[Extracted data Boundary: Start]

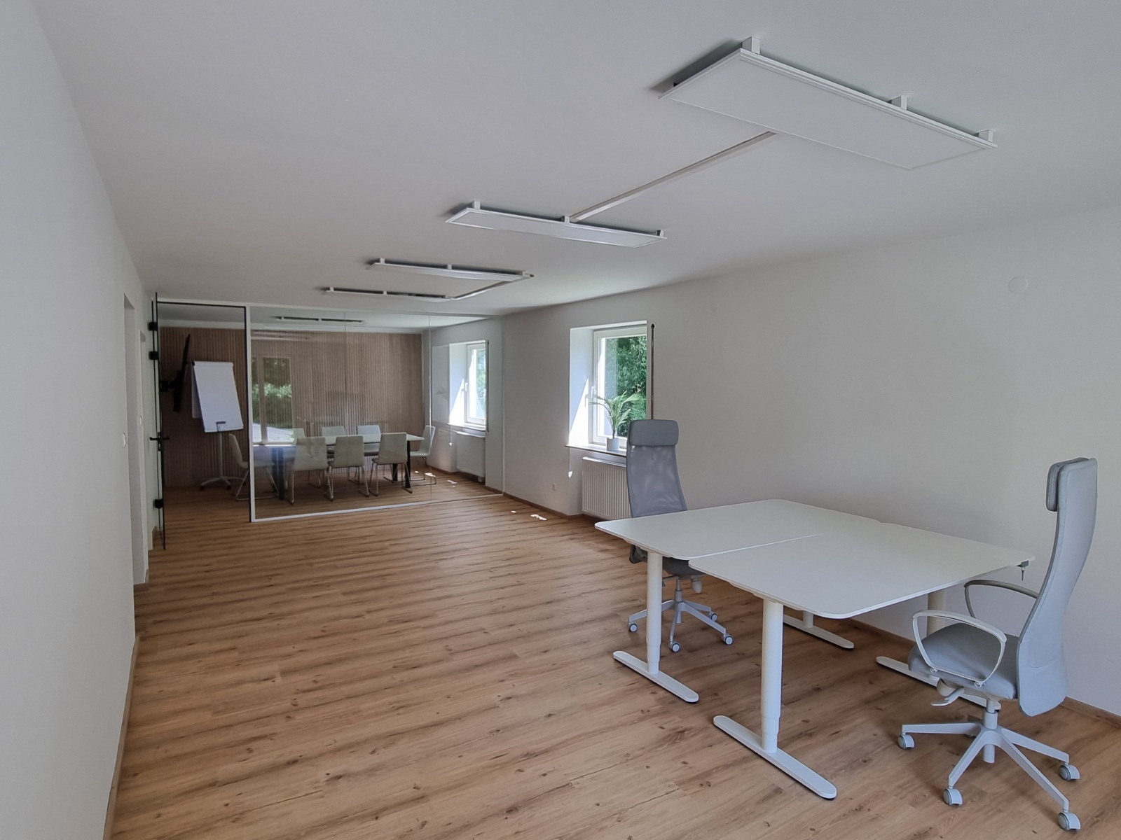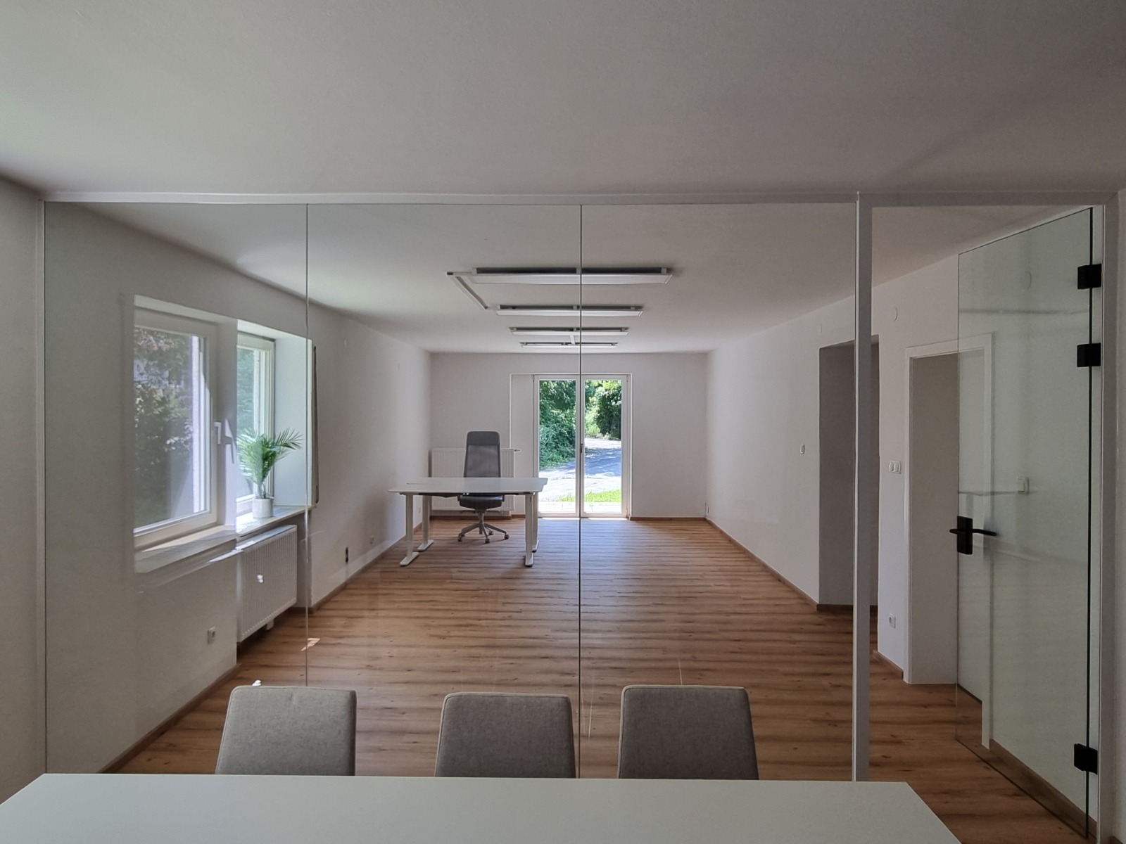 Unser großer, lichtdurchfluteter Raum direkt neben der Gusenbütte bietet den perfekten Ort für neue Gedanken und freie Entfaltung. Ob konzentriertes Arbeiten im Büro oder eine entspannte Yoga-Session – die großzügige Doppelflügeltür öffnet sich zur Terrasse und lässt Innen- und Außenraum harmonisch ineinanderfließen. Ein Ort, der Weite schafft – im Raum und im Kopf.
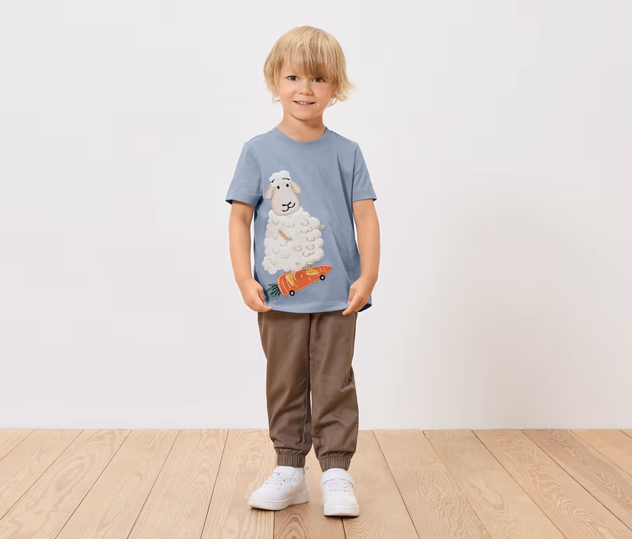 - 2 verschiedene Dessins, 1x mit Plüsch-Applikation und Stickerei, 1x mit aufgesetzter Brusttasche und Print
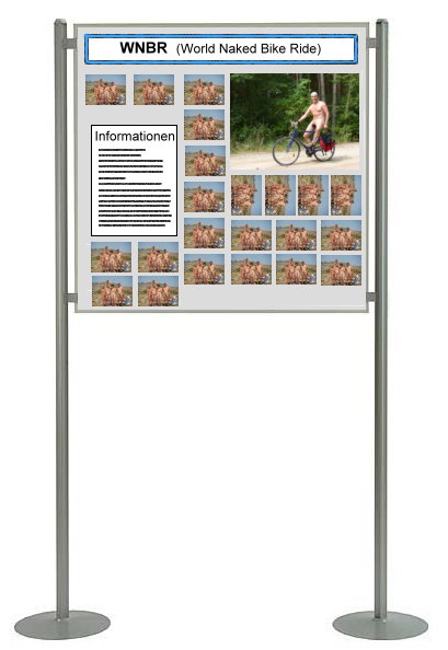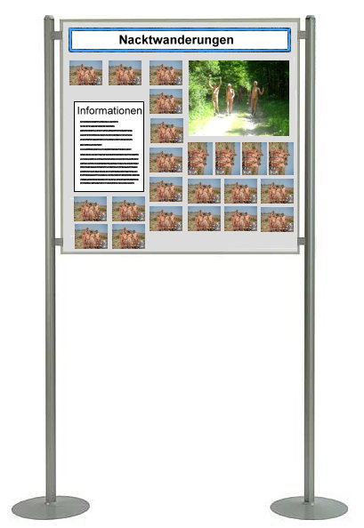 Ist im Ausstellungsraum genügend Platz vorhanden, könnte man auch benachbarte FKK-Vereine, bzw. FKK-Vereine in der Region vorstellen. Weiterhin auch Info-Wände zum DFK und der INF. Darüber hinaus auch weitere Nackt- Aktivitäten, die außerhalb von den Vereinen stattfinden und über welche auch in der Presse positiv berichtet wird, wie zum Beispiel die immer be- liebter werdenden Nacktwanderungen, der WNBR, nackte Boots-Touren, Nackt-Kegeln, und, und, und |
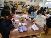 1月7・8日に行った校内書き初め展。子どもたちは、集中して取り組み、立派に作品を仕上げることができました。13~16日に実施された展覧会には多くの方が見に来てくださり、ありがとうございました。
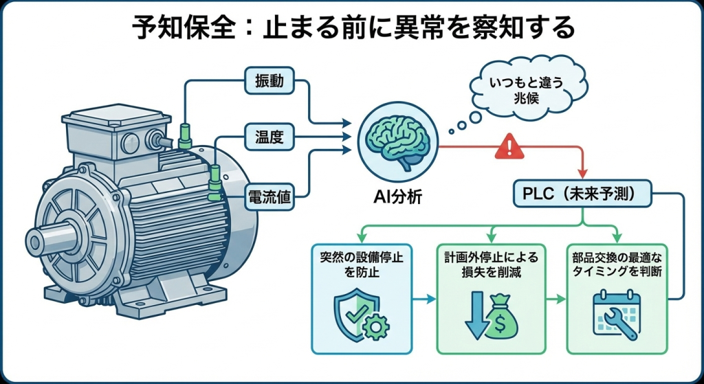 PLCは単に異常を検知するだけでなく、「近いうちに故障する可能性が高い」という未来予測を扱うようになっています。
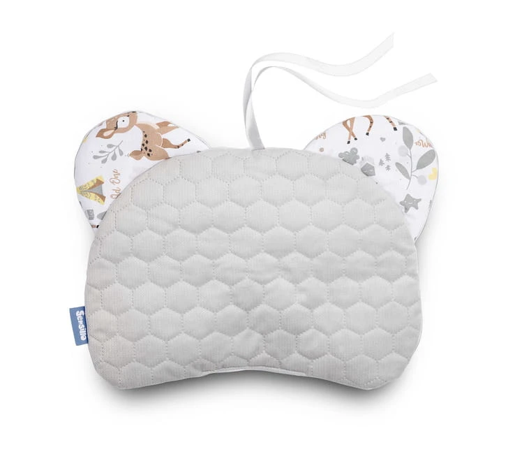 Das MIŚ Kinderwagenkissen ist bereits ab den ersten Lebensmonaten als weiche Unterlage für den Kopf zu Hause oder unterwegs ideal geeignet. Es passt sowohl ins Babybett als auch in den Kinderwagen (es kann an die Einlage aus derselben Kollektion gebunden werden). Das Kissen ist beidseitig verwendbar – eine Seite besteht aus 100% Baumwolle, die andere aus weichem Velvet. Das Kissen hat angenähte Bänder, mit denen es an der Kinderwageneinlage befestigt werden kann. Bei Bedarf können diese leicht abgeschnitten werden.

[Extracted data Boundary: End]

* _What you have to do_
Line by line, write out the entries exactly, and leave the pictures out.

* _Result of the task_
 Unser großer, lichtdurchfluteter Raum direkt neben der Gusenbütte bietet den perfekten Ort für neue Gedanken und freie Entfaltung. Ob konzentriertes Arbeiten im Büro oder eine entspannte Yoga-Session – die großzügige Doppelflügeltür öffnet sich zur Terrasse und lässt Innen- und Außenraum harmonisch ineinanderfließen. Ein Ort, der Weite schafft – im Raum und im Kopf.
 - 2 verschiedene Dessins, 1x mit Plüsch-Applikation und Stickerei, 1x mit aufgesetzter Brusttasche und Print
 Ist im Ausstellungsraum genügend Platz vorhanden, könnte man auch benachbarte FKK-Vereine, bzw. FKK-Vereine in der Region vorstellen. Weiterhin auch Info-Wände zum DFK und der INF. Darüber hinaus auch weitere Nackt- Aktivitäten, die außerhalb von den Vereinen stattfinden und über welche auch in der Presse positiv berichtet wird, wie zum Beispiel die immer be- liebter werdenden Nacktwanderungen, der WNBR, nackte Boots-Touren, Nackt-Kegeln, und, und, und |
 1月7・8日に行った校内書き初め展。子どもたちは、集中して取り組み、立派に作品を仕上げることができました。13~16日に実施された展覧会には多くの方が見に来てくださり、ありがとうございました。
 PLCは単に異常を検知するだけでなく、「近いうちに故障する可能性が高い」という未来予測を扱うようになっています。
 Das MIŚ Kinderwagenkissen ist bereits ab den ersten Lebensmonaten als weiche Unterlage für den Kopf zu Hause oder unterwegs ideal geeignet. Es passt sowohl ins Babybett als auch in den Kinderwagen (es kann an die Einlage aus derselben Kollektion gebunden werden). Das Kissen ist beidseitig verwendbar – eine Seite besteht aus 100% Baumwolle, die andere aus weichem Velvet. Das Kissen hat angenähte Bänder, mit denen es an der Kinderwageneinlage befestigt werden kann. Bei Bedarf können diese leicht abgeschnitten werden.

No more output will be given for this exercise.